Outgoing Senate Democratic leader Harry Reid of Nevada used the potential for a blockade in a fundraising pitch for the Progressive Change Campaign Committee.

“We need to treat it like the constitutional crisis it will be if Democrats don’t take back the Senate majority,” Reid wrote. “The Supreme Court could dwindle to seven, then maybe six, justices. It would turn our justice system and our democracy on its head. The Founding Fathers would roll over in their graves.”

Democratic Sen. Amy Klobuchar of Minnesota said in an interview Tuesday that she didn’t think Republicans would actually carry out the Burr strategy of obstruction.

“I don’t think that’s shared by most Republican senators,” she said, predicting that the Scalia vacancy would be filled by the first part of next year.

But Klobuchar, and fellow Judiciary Committee member Sheldon Whitehouse of Rhode Island in a separate interview Monday, agree with what Clinton’s running mate, Tim Kaine, told the Huffington Post — that a Senate Democratic majority would likely change the rules if needed to prevent Republicans from keeping the vacancy indefinitely.

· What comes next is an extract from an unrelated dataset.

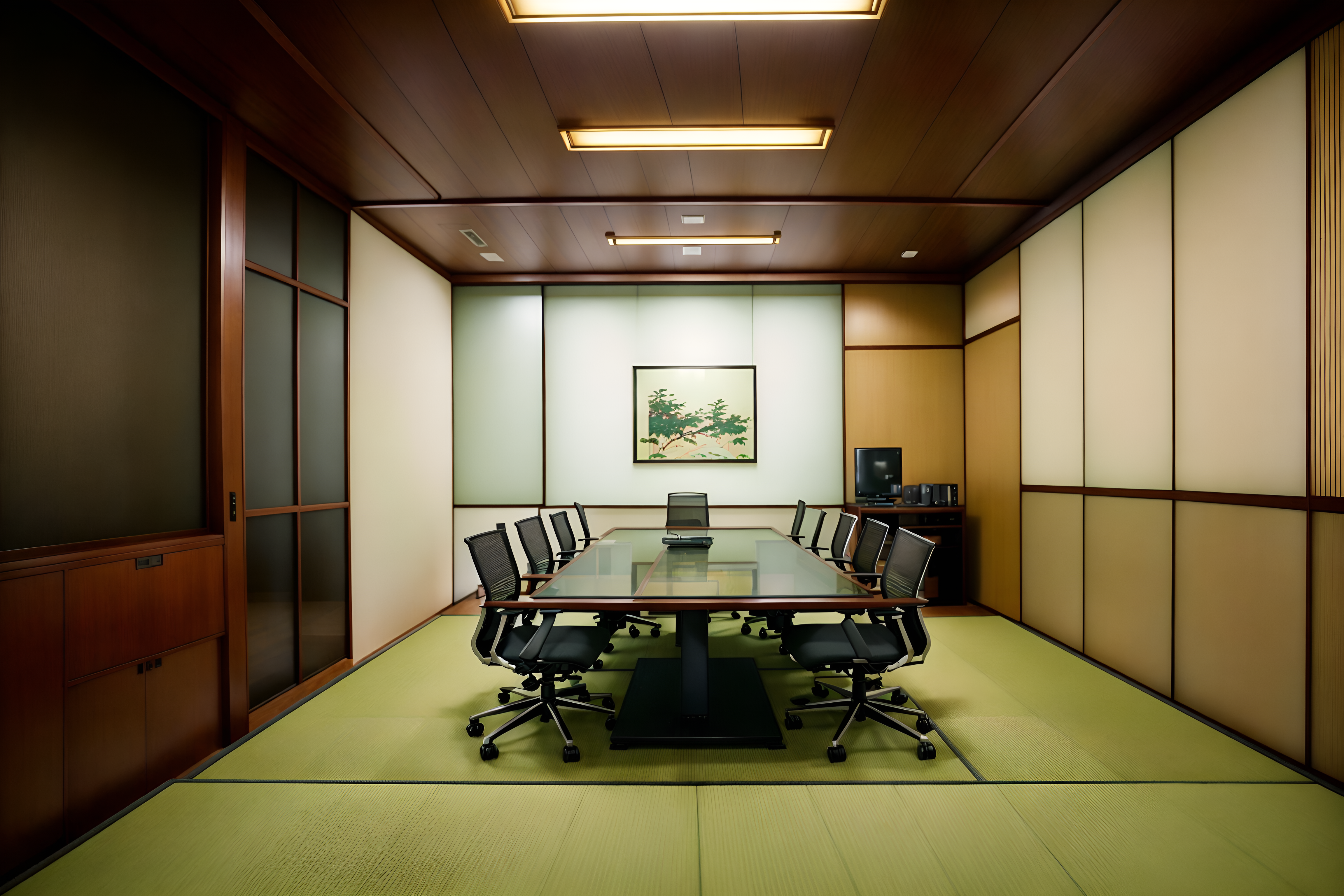 photo from pinterest of japanese design-style interior designed (meeting room interior) with cabinets and office chairs and painting or photo on wall and glass doors and boardroom table and glass walls and plant and vase. . with . . cinematic photo, highly detailed, cinematic lighting, ultra-detailed, ultrarealistic, photorealism, 8k. trending on pinterest. japanese design interior design style. masterpiece, cinematic light, ultrarealistic+, photorealistic+, 8k, raw photo, realistic, sharp focus on eyes, (symmetrical eyes), (intact eyes), hyperrealistic, highest quality, best quality, , highly detailed, masterpiece, best quality, extremely detailed 8k wallpaper, masterpiece, best quality, ultra-detailed, best shadow, detailed background, detailed face, detailed eyes, high contrast, best illumination, detailed face, dulux, caustic, dynamic angle, detailed glow. dramatic lighting. highly detailed, insanely detailed hair, symmetrical, intricate details, professionally retouched, 8k high definition. strong bokeh. award winning photo.

“I don’t think we’ll have a choice,” she said, if Republicans line up to filibuster Clinton’s picks. “My hope is we won’t get there.”

As for how Republicans should proceed if they win the Senate, there’s no consensus on the right — yet.

Several prominent Republicans are resisting the idea of a total blockade, including Judiciary Chairman Chuck Grassley of Iowa, conservative Mike Lee of Utah and Orrin Hatch of Utah, the chamber’s longest-serving Republican, as reported by the Salt Lake Tribune.

“Of course we will look at anyone who might be nominated by the next president,” Lee said, according to the paper. “Whether that nominee will be confirmed is an entirely different question — one that can’t be answered in the abstract.”